Ontologies is one of those words I hear people toss about in conversations about computing, programming, and development. I usually nod and smile, pretending I know exactly what the word means, and how it relates to scientific data. It took some vigorous Google searching and a great discussion with M. Schildhauer of NCEAS before I can say, with confidence, that I kind-of understand the concept of ontologies.
In case you are in the same situation I was a few months ago, allow me to enlighten you. First, let’s start with the pre-computer era definition: ontology is the study of the nature of existing, the categories of being, and the relationships between these categories. Still not clear? Let’s let Wikipedia explain what the study of ontology entails:
Questions concerning what entities exist or can be said to exist, and how such entities can be grouped, related within a hierarchy, and subdivided according to similarities and differences.
I haven’t thought about the nature of existence since university-level philosophy courses, so this explanation makes my brain ache mildly. Remarkably, the computer science definition for ontology is slightly more tangible (and also sheds light on the descriptions above). In this field, an ontology is a set of concepts that represent the knowledge of a particular field of study (i.e. domain). It also includes the relationships between the concepts. Here’s examples of some important consequences of a field having an ontology:
- shared vocabulary and taxonomy
- explicitly defined concepts
- the relationships between different concepts
And Wikipedia provides an example that may help clarify things:
Particular meanings of terms applied to that domain are provided by domain ontology. For example the word card has many different meanings. An ontology about the domain of poker would model the “playing card” meaning of the word, while an ontology about the domain of computer hardware would model the “punched card” and “video card” meanings.
An important point to make is how vital ontologies are now for this era of international collaboration, data deluge, and digital data.
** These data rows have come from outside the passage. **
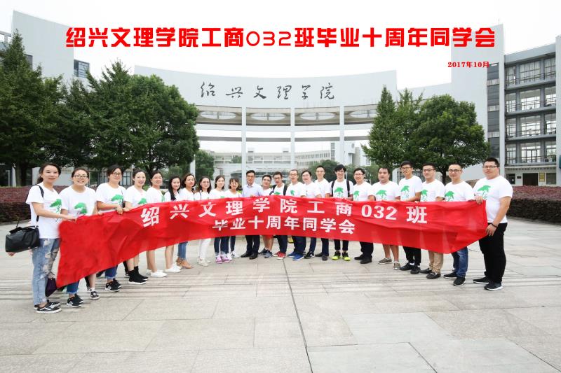 公元2017年10月2日,农历丁酉年八月十三,国庆假期。绍兴文理学院工商032班毕业十周年同学会在母校河西校区铁城会议室隆重举行。原班级辅导员,现信息管理学院副书记史正东老师与23名同学一同参加聚会。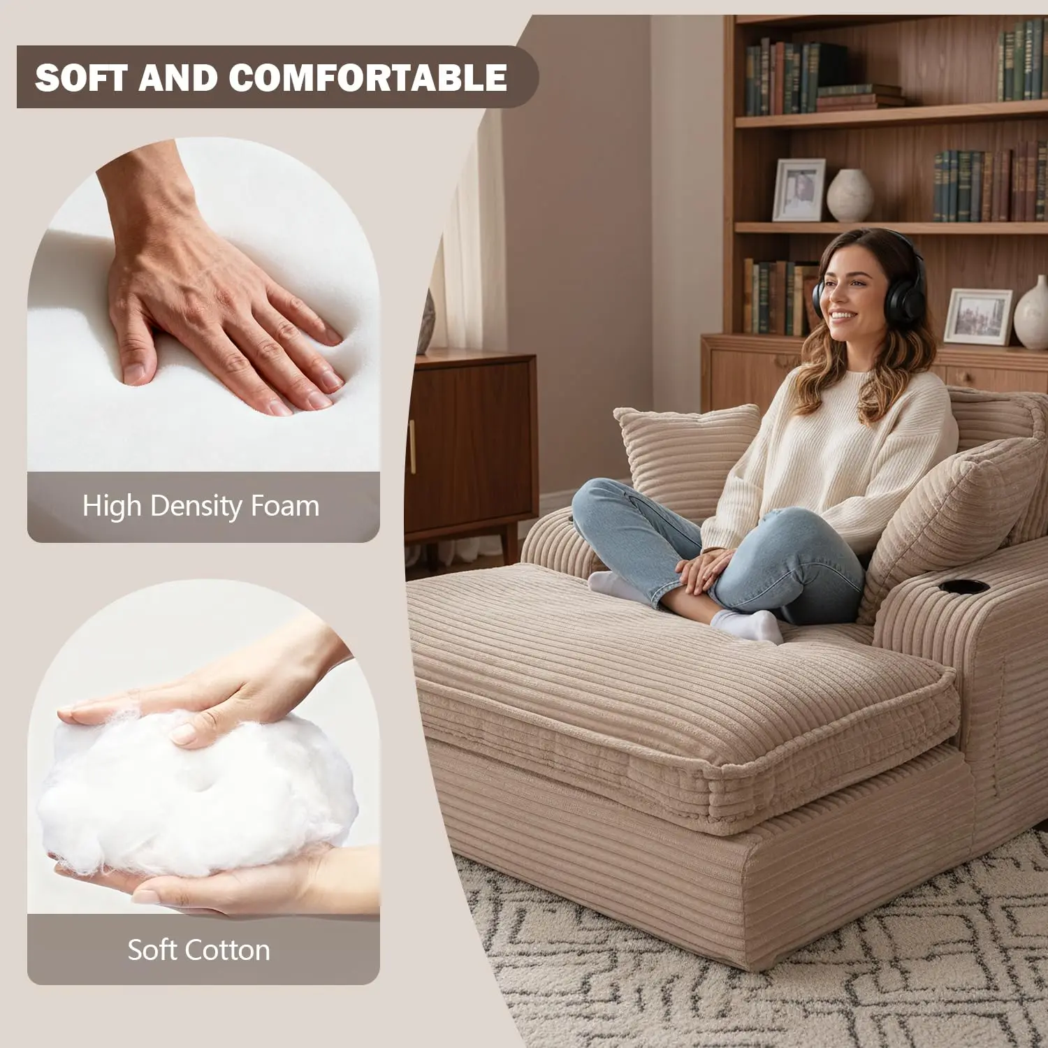 【Deep Seat Sofa】: Measuring 52”x67”x26”, this oversized chaise lounge chair offers generous space for adults to stretch out while reading, napping, or enjoying movie nights. Perfect for transforming any living room or bedroom into a cozy retreat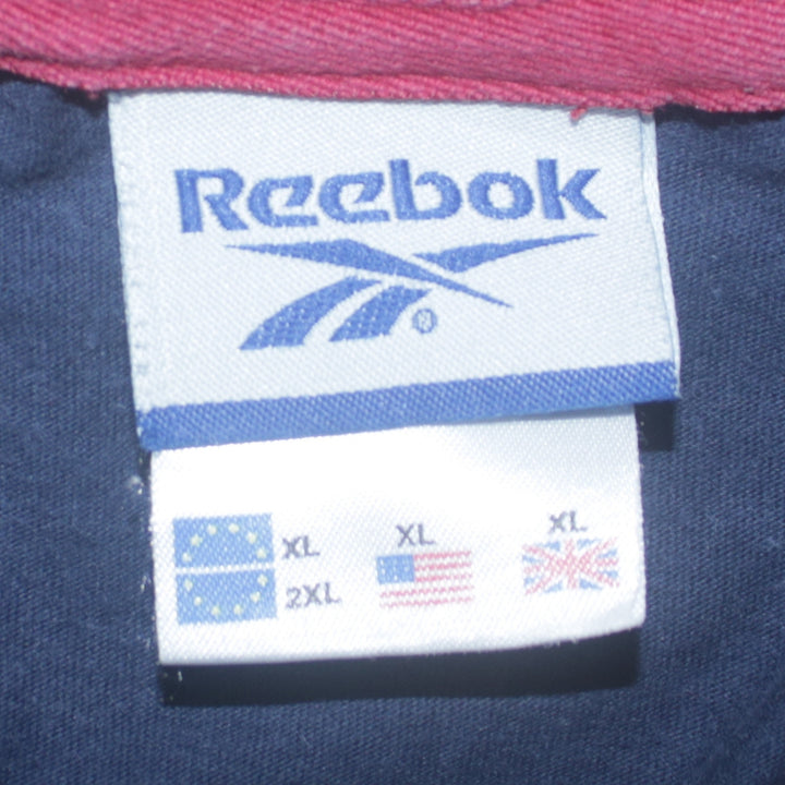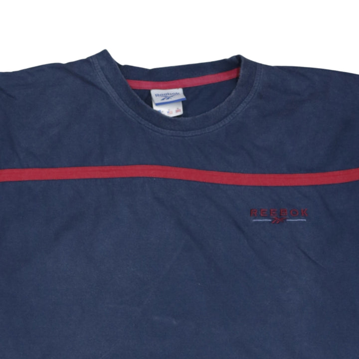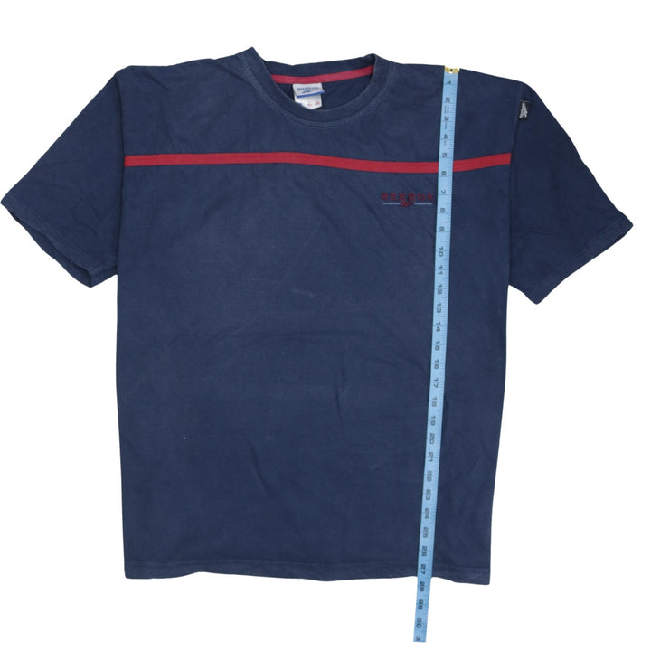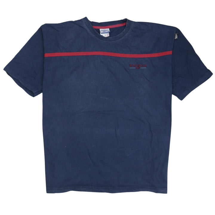 Reebok Navy Blue T Shirt Men's XLarge Embroidered Chest Logo Red Stripe Casual Top
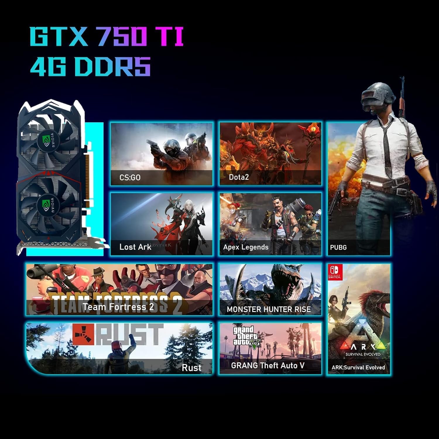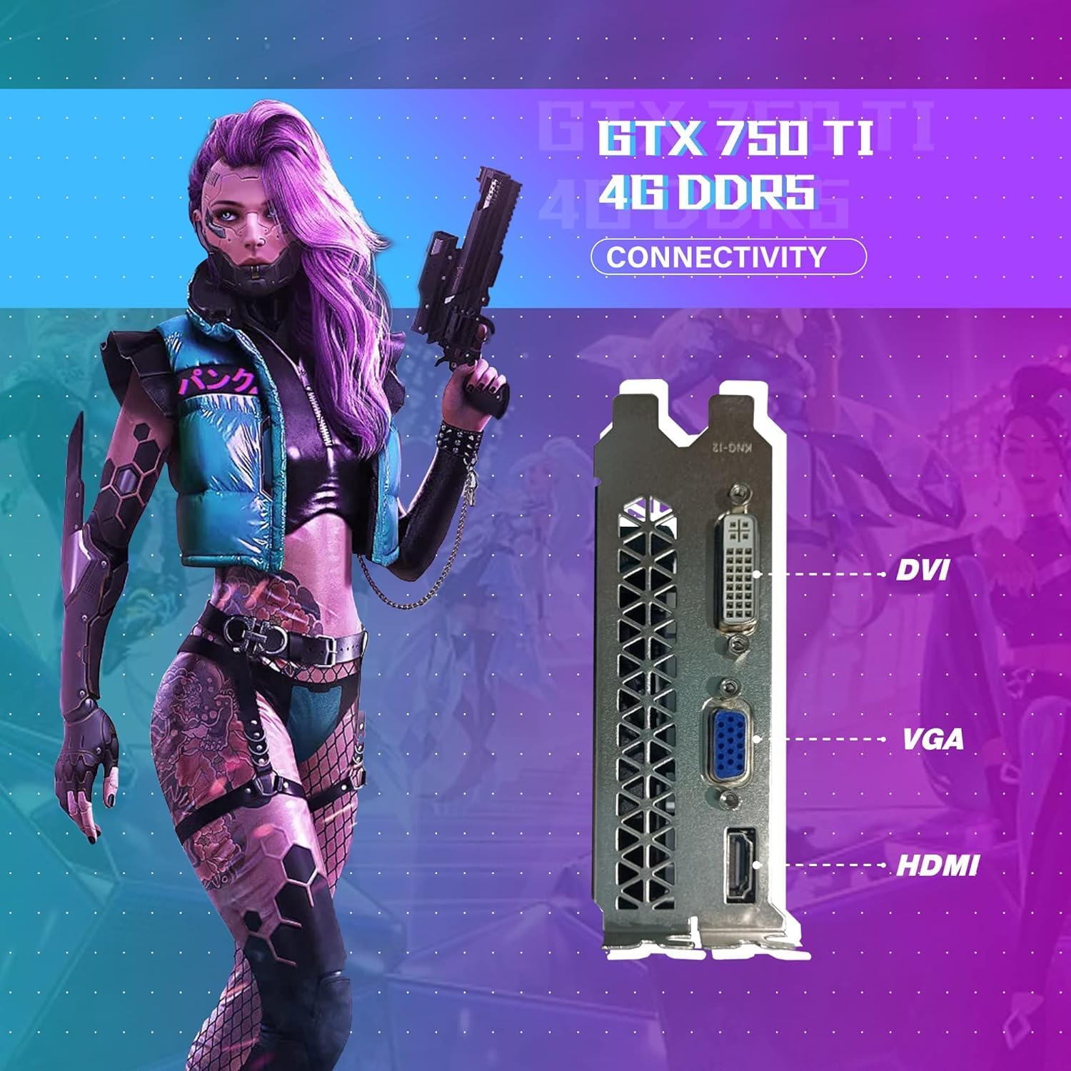 - Graphics: NVIDIA GeForce GTX 750 Ti 4G GDDR5 Video Card (1x HDMI, 1x DVI)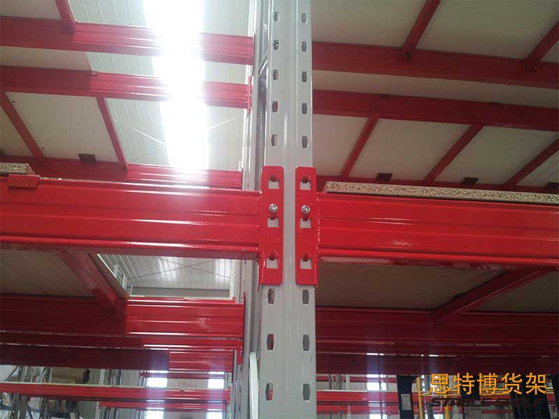 重梁式貨架由柱、梁、橫撐、斜撐和自鎖螺栓組合而成,可有效防止螺栓松動后貨架失穩(wěn);梁采用特殊冷軋p形封閉梁;該結(jié)構(gòu)具有簡單可靠、自重輕、承載能力強、成本低等特點。柱卡與柱連接時,裝有特殊設(shè)計的安全銷,可保證梁在外力沖擊下不會脫落;層壓板采用國際條形層壓板,具有承載能力強、耐磨、更換簡單、維護(hù)成本低的特點。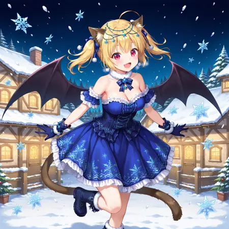 Il-hdmlily,lily-christmas,blonde hair,twintails,cat ears, cat tail,hair ribbon,red eyes,bat wings,hair chain,winter dress,wool,wool choker,neck ribbon,blue dress,dress frills,arm frills,winter sleeves,winter boots,
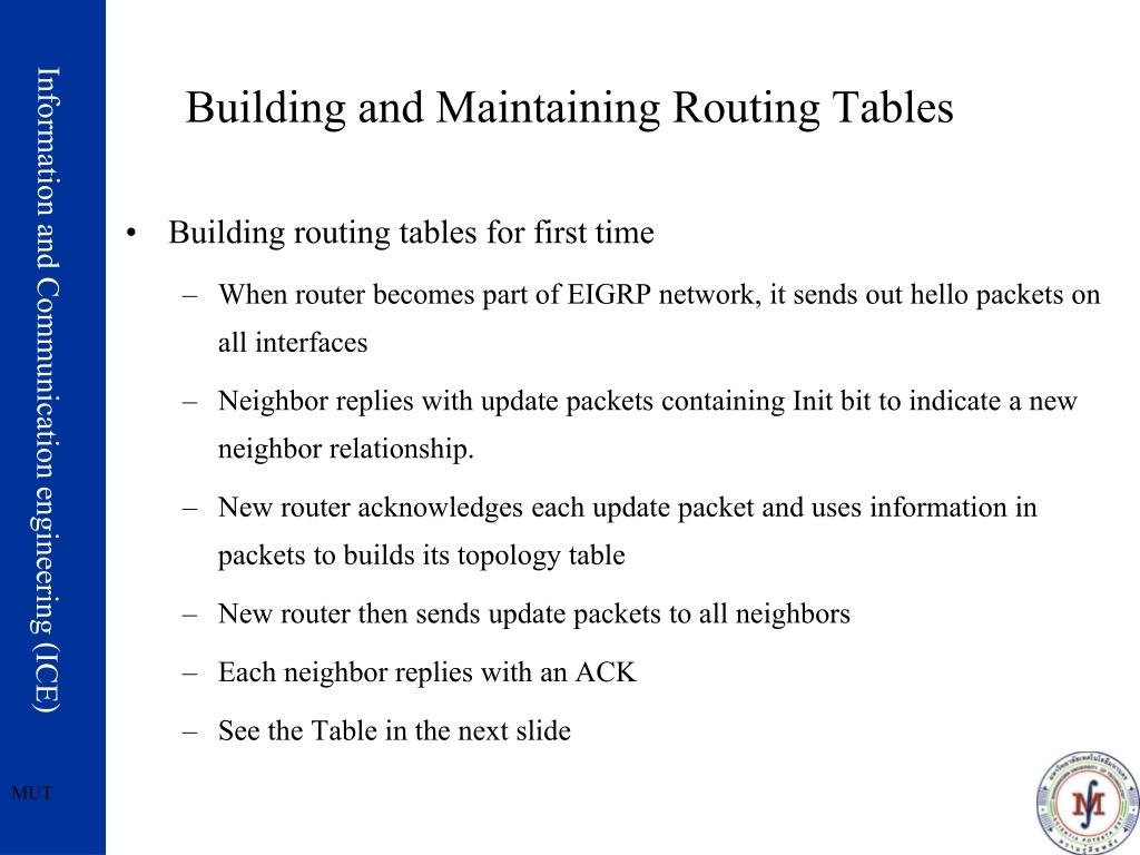 Building and Maintaining Routing Tables • Building routing tables for first time • When router becomes part of EIGRP network, it sends out hello packets on all interfaces • Neighbor replies with update packets containing Init bit to indicate a new neighbor relationship. • New router acknowledges each update packet and uses information in packets to builds its topology table • New router then sends update packets to all neighbors • Each neighbor replies with an ACK • Seethe Table in the next slide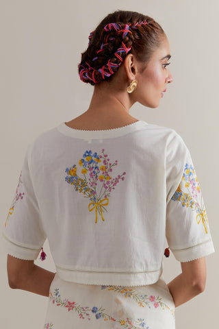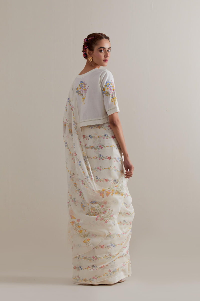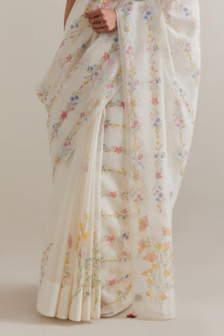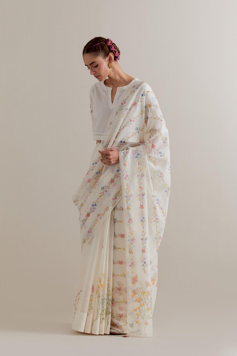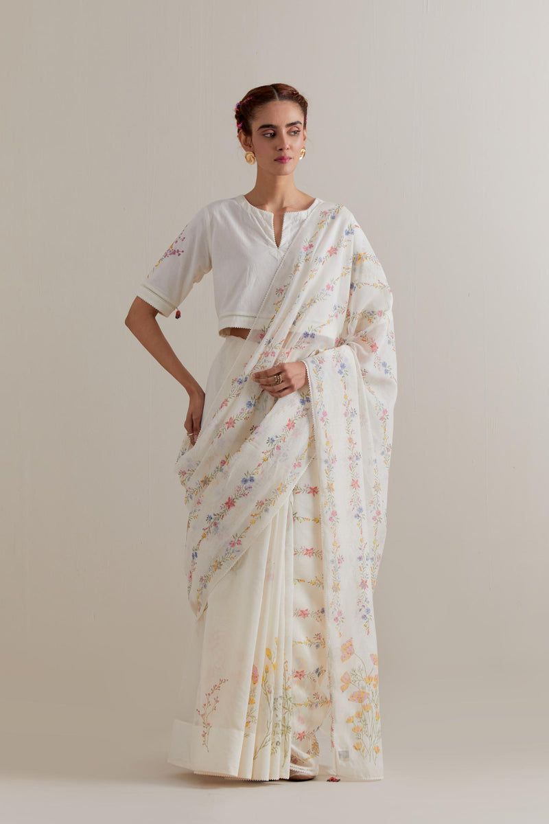 Off white cotton chanderi saree, highlighted with all-over multi coloured floral hand block print. The edges of the saree are finished with ricrac. The corners of the saree pallu have beaded tassels. Paired with Off-white cotton blouse with multi coloured floral hand block printed boota at sleeves and back. The edges of sleeves, neck, side slits and hem are finished with ricrac.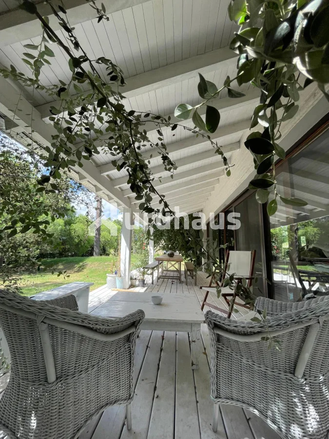 El exterior ofrece una gran galería techada, un lindo parrillero y un amplio patio con mucho verde, ideal para disfrutar del aire libre durante todo el año.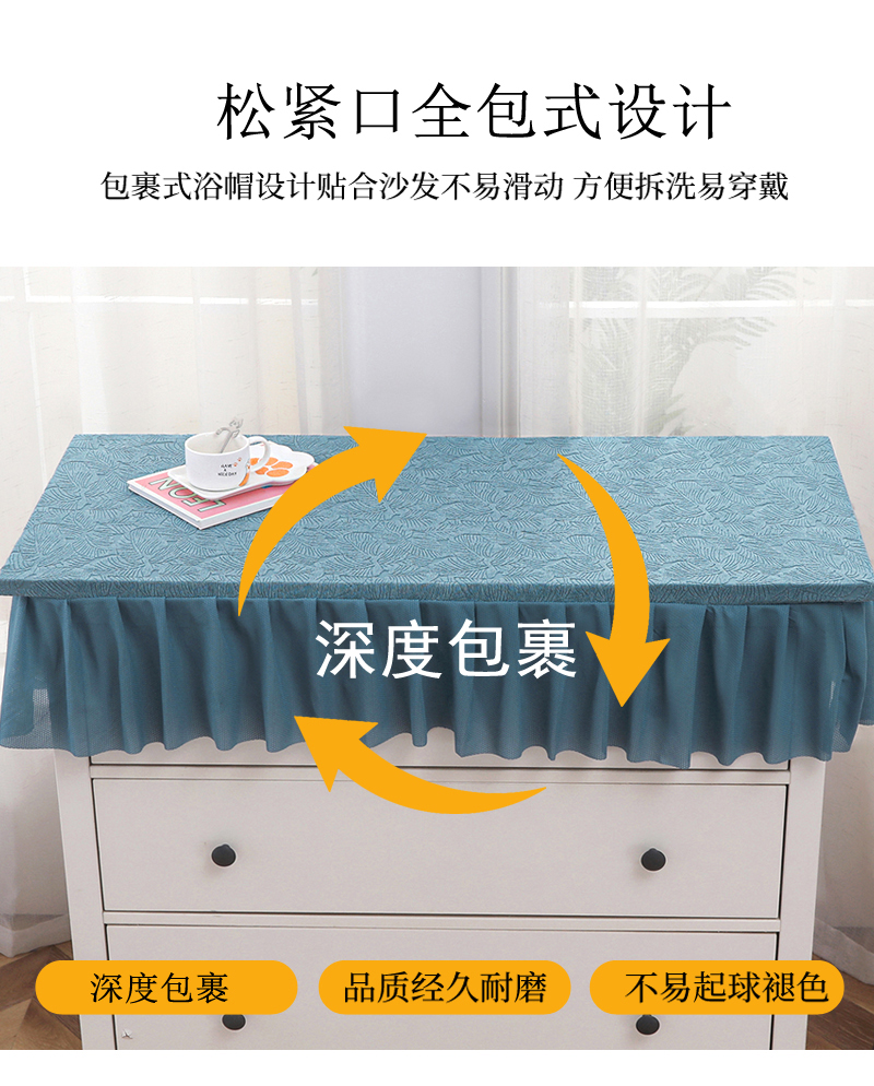 商品名称:2025新款防尘防滑斗柜套裙边-小树叶系列 水蓝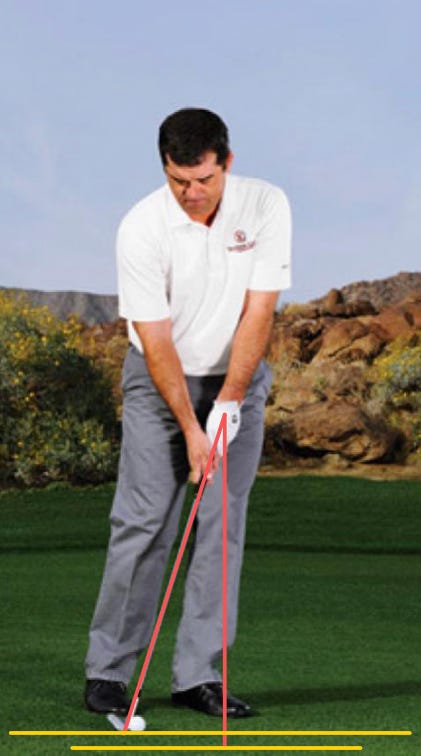 In the picture above, if you take the length of the club and decide to put it in a vertical position, notice how the end point would be roughly two inches below the ground. You’d have to manipulate the arc of the hands coming into impact in order to not take a fat chunk of turf. It’s way easier to just choke up on the club and keep the shaft fairly vertical (small amount of lean is fine). This way, all you have to do is make a simple, natural motion and the impact position will match address.

Take the field of genetics. What if every geneticist decided on their own way to describe genes, proteins, and sequences? Furthermore, what if they used words other than “genes”, “proteins”, and “sequences” to describe these things? It would be incredibly difficult for the field to progress since no one is quite sure what anyone else is talking about in their research. A Gene Ontology has been established within the community to prevent this scenario from taking place.
There is much more to ontologies than standard vocabularies, but this is certainly the easiest ontology concept to grasp. In terms of the DCXL add-in, ontologies could be used to structure how Excel spreadsheets are formatted and coded to facilitate universal discoverability and usability. It’s not likely that the first version of the add-in will be able to accomodate a wide range of ontologies (i.e. domain-specific vocabularies), but we hope that future versions might find ways to direct users to standards used in their field of interest.